▶ Extracted material
──────────────────────────────

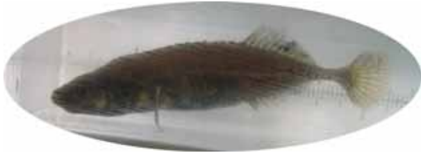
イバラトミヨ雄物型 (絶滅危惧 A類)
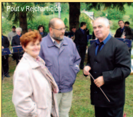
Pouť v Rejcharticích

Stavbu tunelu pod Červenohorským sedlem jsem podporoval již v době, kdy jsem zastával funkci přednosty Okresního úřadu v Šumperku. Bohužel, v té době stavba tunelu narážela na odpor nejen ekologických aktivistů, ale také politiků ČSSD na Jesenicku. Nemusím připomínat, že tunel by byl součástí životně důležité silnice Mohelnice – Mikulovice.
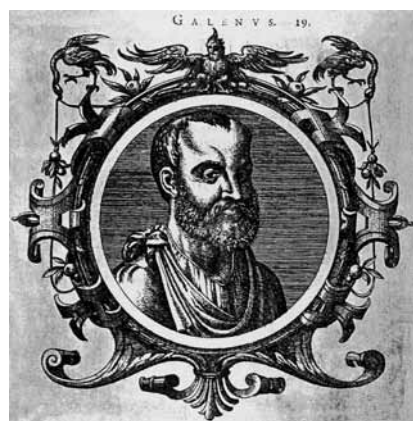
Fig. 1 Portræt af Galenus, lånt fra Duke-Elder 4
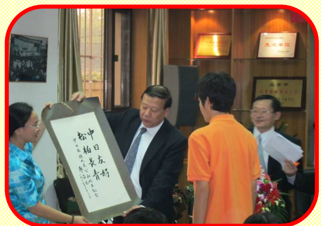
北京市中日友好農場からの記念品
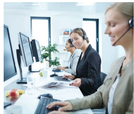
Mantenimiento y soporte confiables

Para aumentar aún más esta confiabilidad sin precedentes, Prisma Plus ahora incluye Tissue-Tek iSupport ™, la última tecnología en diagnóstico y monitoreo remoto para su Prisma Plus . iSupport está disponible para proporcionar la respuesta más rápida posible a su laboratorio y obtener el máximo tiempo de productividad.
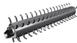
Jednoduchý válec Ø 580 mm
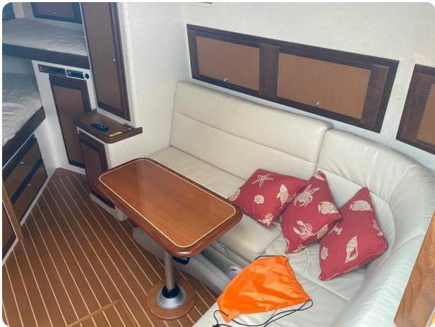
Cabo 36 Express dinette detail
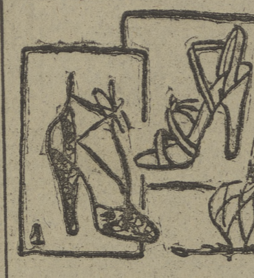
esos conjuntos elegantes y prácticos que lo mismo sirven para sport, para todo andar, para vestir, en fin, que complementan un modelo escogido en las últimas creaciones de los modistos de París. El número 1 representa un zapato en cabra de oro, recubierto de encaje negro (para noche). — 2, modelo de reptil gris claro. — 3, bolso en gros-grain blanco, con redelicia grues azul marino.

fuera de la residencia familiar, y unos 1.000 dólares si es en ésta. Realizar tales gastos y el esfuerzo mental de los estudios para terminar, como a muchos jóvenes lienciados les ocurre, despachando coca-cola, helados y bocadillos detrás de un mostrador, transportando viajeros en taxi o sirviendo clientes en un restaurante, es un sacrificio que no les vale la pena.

──────────────────────────────

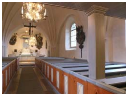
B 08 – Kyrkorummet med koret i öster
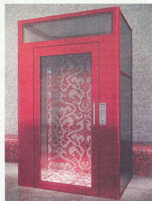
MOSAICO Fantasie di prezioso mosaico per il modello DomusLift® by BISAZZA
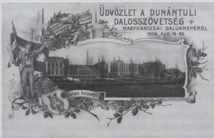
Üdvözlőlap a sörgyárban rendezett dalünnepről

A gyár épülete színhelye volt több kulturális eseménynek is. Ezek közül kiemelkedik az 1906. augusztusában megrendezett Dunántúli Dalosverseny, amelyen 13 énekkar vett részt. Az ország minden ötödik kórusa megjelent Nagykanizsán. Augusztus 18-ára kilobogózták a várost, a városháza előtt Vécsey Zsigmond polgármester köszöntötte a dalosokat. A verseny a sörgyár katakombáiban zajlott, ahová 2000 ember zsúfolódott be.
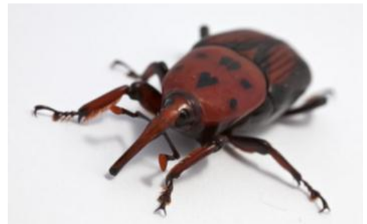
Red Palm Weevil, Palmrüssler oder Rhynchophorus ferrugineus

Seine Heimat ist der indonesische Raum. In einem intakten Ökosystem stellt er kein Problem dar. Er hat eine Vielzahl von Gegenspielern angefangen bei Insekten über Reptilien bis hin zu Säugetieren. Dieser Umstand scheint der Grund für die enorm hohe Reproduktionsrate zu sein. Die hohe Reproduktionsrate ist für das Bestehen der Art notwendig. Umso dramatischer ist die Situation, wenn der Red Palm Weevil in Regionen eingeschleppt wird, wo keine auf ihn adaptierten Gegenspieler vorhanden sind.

──────────────────────────────

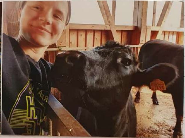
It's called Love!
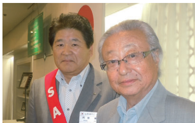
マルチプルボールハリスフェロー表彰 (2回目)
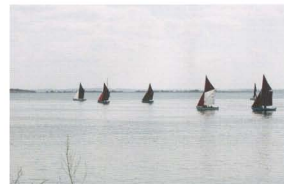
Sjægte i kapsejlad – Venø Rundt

──────────────────────────────

▶ Task instructions
The material above holds pictures; leave them out. Repeat exactly the lines from the one containing "Jednoduchý válec Ø 580 mm" through the one containing "fuera de la", and nothing else.

▶ Output of the exercise
Jednoduchý válec Ø 580 mm
Cabo 36 Express dinette detail
esos conjuntos elegantes y prácticos que lo mismo sirven para sport, para todo andar, para vestir, en fin, que complementan un modelo escogido en las últimas creaciones de los modistos de París. El número 1 representa un zapato en cabra de oro, recubierto de encaje negro (para noche). — 2, modelo de reptil gris claro. — 3, bolso en gros-grain blanco, con redelicia grues azul marino.

fuera de la residencia familiar, y unos 1.000 dólares si es en ésta. Realizar tales gastos y el esfuerzo mental de los estudios para terminar, como a muchos jóvenes lienciados les ocurre, despachando coca-cola, helados y bocadillos detrás de un mostrador, transportando viajeros en taxi o sirviendo clientes en un restaurante, es un sacrificio que no les vale la pena.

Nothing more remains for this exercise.